1. Color vocalization and Sound colorization. Firstly, the training data of color patches with emotion annotations can be generated by doing a psychological experiment and the color emotions can be quantification by confirming the relationships between the color values in CIE L*a*b and CIE L*C*h color space and assessed values of emotion annotations. Secondly, the training data of sounds with emotion annotations can be generated by doing a psychological experiment and the sound emotions can be quantification by confirming the relationships between the sound features (consists of loudness, pitch and timbre) and assessed values of emotion annotations. Finally, a transformation model can be established based on the qualifications of the sound and color emotions.

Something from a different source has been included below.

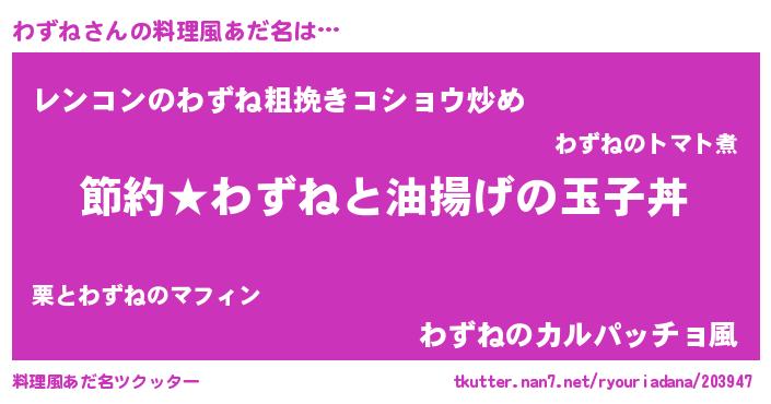 | ヘコむあだ名 | 『わずにゅー』『わずね(小並感)』 |

2. Image vocalization. Recent advancements in deep learning [39] have brought a wide range of applications, such as image detection and classification [40-42], object detection [43, 44], human pose estimation [45-47] and clothing parsing [48, 49]. We will adopt a novel convolutional neural networks (CNNs) to extract features and recognize the specific emotion of an image. With availability of large-scale datasets, CNNs can learn the representations of data in multiple abstracting levels. The image vocalization can be realized by mapping the image and sound emotions.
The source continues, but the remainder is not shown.